-- Given records follows --

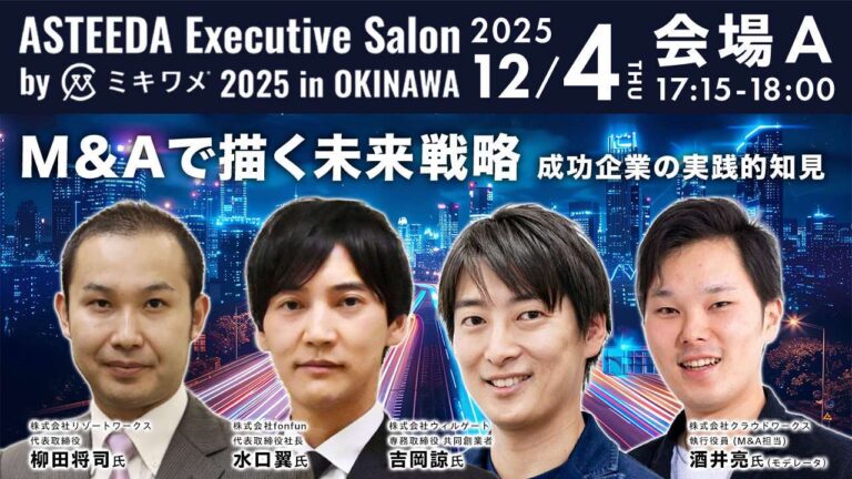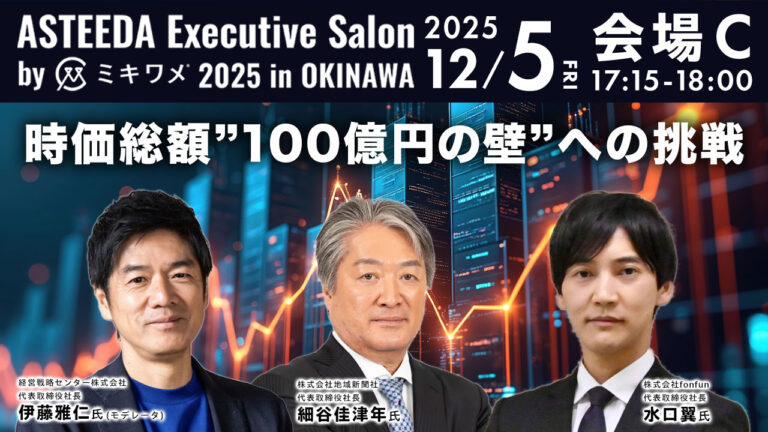 2025年12月4日(木)~6日(土)に開催される「アスティーダエグゼクティブサロン 2025 in 沖縄」に当社代表取締役水口が登壇することをお知らせいたします。
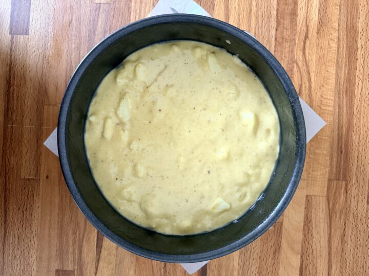 Rivestite la tortiera con carta forno (oppure ungetela e infarinatela), versateci l’impasto e livellate (2).
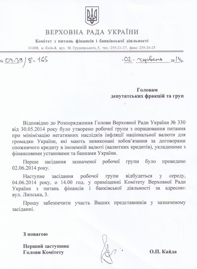 Вхідна документація > Запрошення Комітету ВРУ з питань фінансів і банківської діяльності на засідання робочої групи з опрацювання питання про мінімізацію негативних наслідків інфляції національної валюти для громадян України, які мають споживчі валютні кредити
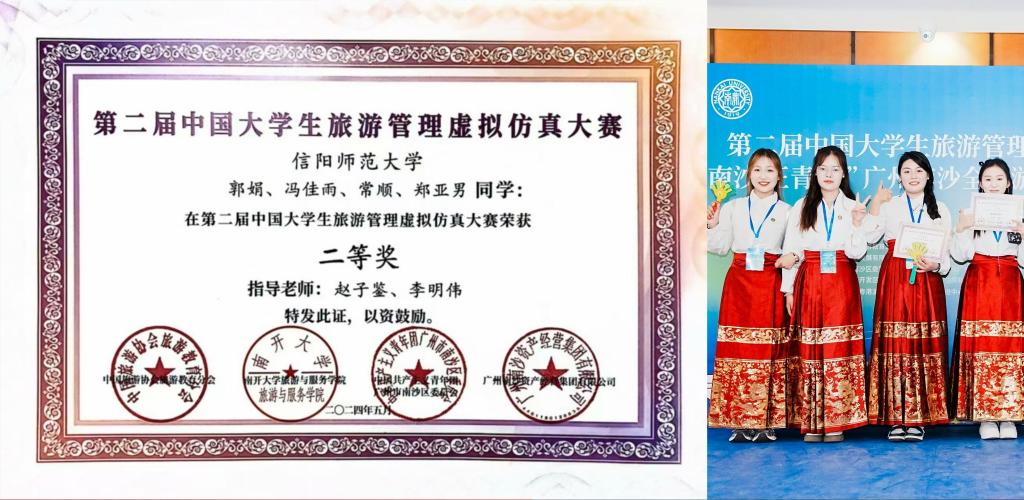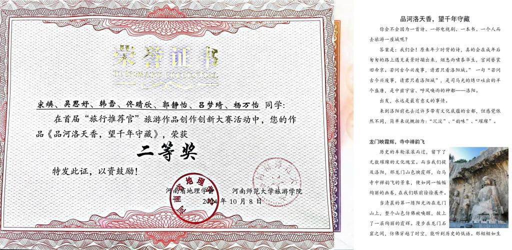 2024年9月,在河南省地理学会、河南师范大学联合举办的首届全国老员工“旅行推荐官”旅游作品创新大赛中,由tyc41183太阳成集团教师赵子鉴指导的宋焕团队(吴思妤、韩雪、佟晴欣、郭静怡、吕梦琦、杨万怡)作品《品河洛天香,望千年守藏》荣获二等奖。
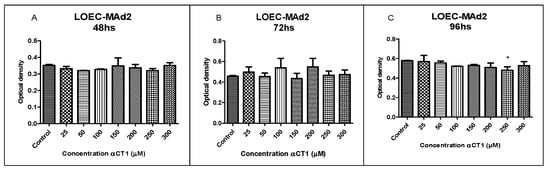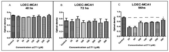 The treatment with different αCT1 peptide concentrations (25, 50, 100, 150, 200, 250, and 300 µM) in the LOEC-MAd1 strain did not show an inhibitory activity in any of the concentrations at the time of 48 h. However, the 72 h treatment showed significant inhibitory activity of * p < 0.05 at concentrations of 25, 50, 100, 200, and 300 µM and *** p < 0.0001 at a concentration of 250 µM (Figure 3). The LOEC-MAd1 strain showed a time sensitivity of 96 h with a statistical difference of * p < 0.05 at a concentration of 150 µM.
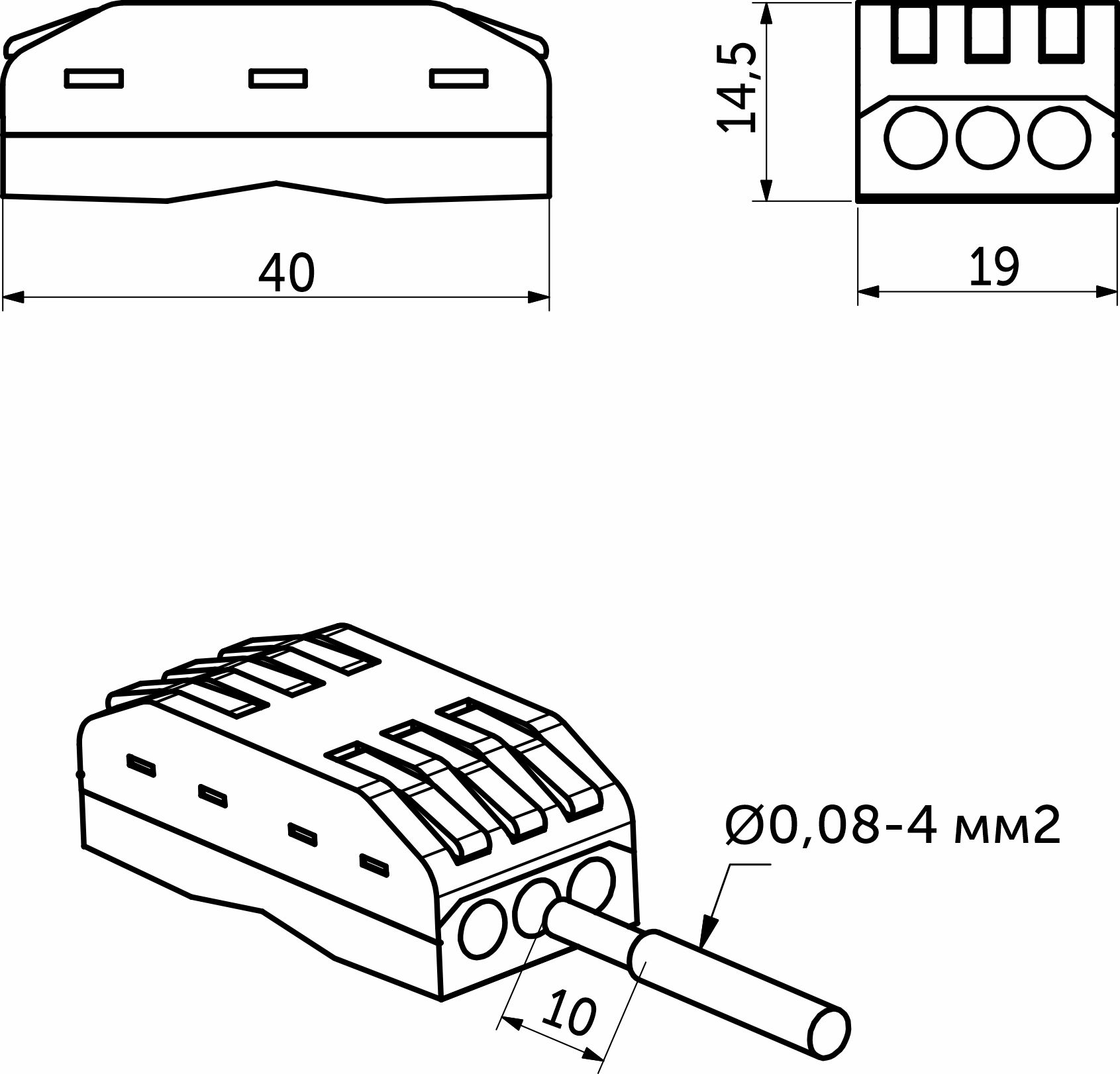 Соединитель клеммный K313, быстрозажимной, проходной, 0,75-4 мм2, 32 А, 250 В, для любого типа провода.

-- Given records concluded --

What needs to be done: Every entry above needs to be copied exactly, and no pictures go with it.

Problem solution:
 2025年12月4日(木)~6日(土)に開催される「アスティーダエグゼクティブサロン 2025 in 沖縄」に当社代表取締役水口が登壇することをお知らせいたします。
 Rivestite la tortiera con carta forno (oppure ungetela e infarinatela), versateci l’impasto e livellate (2).
 Вхідна документація > Запрошення Комітету ВРУ з питань фінансів і банківської діяльності на засідання робочої групи з опрацювання питання про мінімізацію негативних наслідків інфляції національної валюти для громадян України, які мають споживчі валютні кредити
 2024年9月,在河南省地理学会、河南师范大学联合举办的首届全国老员工“旅行推荐官”旅游作品创新大赛中,由tyc41183太阳成集团教师赵子鉴指导的宋焕团队(吴思妤、韩雪、佟晴欣、郭静怡、吕梦琦、杨万怡)作品《品河洛天香,望千年守藏》荣获二等奖。
 The treatment with different αCT1 peptide concentrations (25, 50, 100, 150, 200, 250, and 300 µM) in the LOEC-MAd1 strain did not show an inhibitory activity in any of the concentrations at the time of 48 h. However, the 72 h treatment showed significant inhibitory activity of * p < 0.05 at concentrations of 25, 50, 100, 200, and 300 µM and *** p < 0.0001 at a concentration of 250 µM (Figure 3). The LOEC-MAd1 strain showed a time sensitivity of 96 h with a statistical difference of * p < 0.05 at a concentration of 150 µM.
 Соединитель клеммный K313, быстрозажимной, проходной, 0,75-4 мм2, 32 А, 250 В, для любого типа провода.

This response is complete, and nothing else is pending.